Álbum duplo da Orquestra Errante lançado pelo Selo Berro em maio de 2020.
Orquestra Errante Vol. 1
Orquestra Errante Vol. 2
Gravar improvisações livres?
Talvez esta seja uma atividade contraditória e sem sentido uma vez que uma das características deste tipo de prática musical é a sua irreversibilidade: as performances são sempre únicas e irrepetíveis na medida em que se relacionam primordialmente com o tempo, o espaço e as condições específicas de sua realização. Não há um referente criado anteriormente (um tema, uma estrutura harmônica, uma forma definida, etc.), não existe um regente ou um compositor…
A improvisação livre é um espaço de relações e de presença e seu agenciamento é composto de vontades, sensações e emoções que interagem em tempo real. Além disso, os agentes são não só humanos (os/as performers com suas biografias pessoais e musicais, seus desejos e expectativas no momento da performance), mas também não-humanos (os instrumentos, equipamentos, microfones, arquitetura, condições acústicas do momento, o clima etc.) e o fundamental é o que se passa entre todos estes componentes. Por isso dizemos que o contexto agencia o texto e que este é produzido coletivamente e em tempo real. A proposta original da Orquestra Errante é justamente a preparação de um ambiente propício a este tipo de prática musical.
Mesmo assim, podemos apontar aspectos positivos: a gravação pode ser pensada como uma memória ou um registro, como uma foto ou um filme. Ao ouvir a gravação de uma improvisação livre temos uma ideia dos agenciamentos, das forças em jogo, das negociações e das conversas. E entender estes agenciamentos é muito mais relevante do que emitir algum eventual juízo de valor estético sobre os resultados sonoros das performances. Aqui a dimensão estética está intimamente ligada à dimensão ética. É claro que nessa escuta se perde aquilo que só é possível vivenciar no momento mesmo da performance. Mas a escuta de uma gravação também é uma espécie de repetição que recupera a diferença e que possibilita outros tipos de agenciamento que podem incluir pessoas (ouvintes) que não testemunharam a performance. Por isso, pode valer a pena sim, gravar improvisações livres.

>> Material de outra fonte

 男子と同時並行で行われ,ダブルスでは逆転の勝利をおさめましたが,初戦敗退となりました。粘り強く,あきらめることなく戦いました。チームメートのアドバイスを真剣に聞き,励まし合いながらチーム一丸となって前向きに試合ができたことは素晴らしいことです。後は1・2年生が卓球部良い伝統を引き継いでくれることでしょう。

Mas há um outro aspecto importante das gravações e que se relaciona com o fato de que a OE não se dedica somente à improvisação livre. O grupo, que almeja a preparação e a manutenção de um espaço horizontal e democrático, se dedica também a outras formas de criação experimental coletiva realizando performances em que o tempo real convive com algum grau de preparação anterior. Na gravação do nosso CD, todxs xs membrxs da OE puderam preparar, coordenar e produzir alguma proposta. Cada uma dessas propostas – nos mais diversos formatos – foi apresentada e discutida pelo grupo antes de ser gravada e se tornar uma faixa do CD (é importante dizer que nem todos fizeram propostas e que cada proposta é devidamente explicada por seus proponentes nos textos que acompanham o CD). Nesse processo, a OE incorporou práticas que são possibilitadas pelo estúdio de gravação, utilizando o que é próprio desse ambiente (overdubs, edições, mixagens etc.)
Por tudo isso, acreditamos que o ambiente criativo do grupo também se coloca como um espaço de resistência. Gostamos de pensar que os agenciamentos que ocorrem neste ambiente funcionam como uma estratégia de insurgência contra as capturas do desejo promovidas pelo capitalismo neoliberal. Essas capturas se baseiam na disseminação dos certos valores – egocentrismo, individualismo, meritocracia, consumismo, produtivismo e mercantilização de tudo – que no Brasil são sustentados por um discurso de ódio caracterizado pela intolerância, racismo, misoginia, machismo e homofobia. Esse novo formato de neoliberalismo associado ao neofascismo promove a colonização do desejo, capturando-o para torná-lo impotente e cativo. O desejo assim corrompido é usado para reproduzir o status quo, contribuindo para a composição de novos cenários para a acumulação de capital.
Um exame detalhado dos agenciamentos deste nosso laboratório de criação e improvisação que é a OE revela modos de micro-cooperação política que estabelecem uma espécie de pragmática clínico-estética-política entre seus membros, que atua como uma espécie de antídoto contra essa corrupção do desejo empreendido pela macro e micropolítica do capitalismo contemporâneo.